I am trying to write a simple function to find if 0,0,1 occurs in a list, in that order.
It should return True or False.
The list can contain any number of numbers.
For the function ZeroZeroOne examples would be as follows:
>> ZeroZeroOne( [0,0,1] )
>> True
>> ZeroZeroOne( [1,0,0] )
>> False
# there are 2s in between but the following does have 0,0,1 occurring and in correct order
>> ZeroZeroOne( [0,2,2,2,2,0,1] )
>> True
I have this function:
def ZeroZeroOne(nums):
FoundIt = False
#quick return if defo not possible
if (nums.count(0) < 2) and (nums.count(1) == 0):
return FoundIt
n = len(nums)
for x in range(n-2):
if nums[x] == 0:
for i,z in enumerate(nums[(x+1):]):
if z==0 and z!=1:
for j,q in enumerate(nums[(i+1):]):
if q==1 and q!=0:
FoundIt=True
return FoundIt
Why does the function return True for this list [0, 1, 0, 2, 1]?
Moreover....
This function seems overly-complex for a seemingly simple problem.

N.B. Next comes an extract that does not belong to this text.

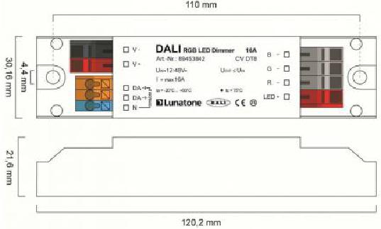 The Lunatone RGB constant voltage DALI LED Dimmer DALI RGB CV 10 A with 10 A maximum input currents is suitable for the control of constant voltage LED modules. The maximum input current can be distributed on the channels at will.

You can achieve this with a single loop - O(n) time complexity. Since it is for this specific case. Try the code below.
def ZeroZeroOne(nums):
found_pattern = []
for num in nums:
if num == 1:
found_pattern.append(1)
if len(found_pattern) == 3:
return True
else:
found_pattern = []
elif num == 0 and len(found_pattern) < 2:
found_pattern.append(0)
return False
print(ZeroZeroOne([0, 0, 1]))
print(ZeroZeroOne([0, 1, 0, 2, 1]))
print(ZeroZeroOne([0, 2, 0, 1]))
print(ZeroZeroOne([0, 0, 0, 1]))
print(ZeroZeroOne([0, 2, 2, 2, 2, 0, 1]))
But I think you can generalize this as well if required. Probably you need to look in to how grep works and modify it for your use case if you want a generic approach.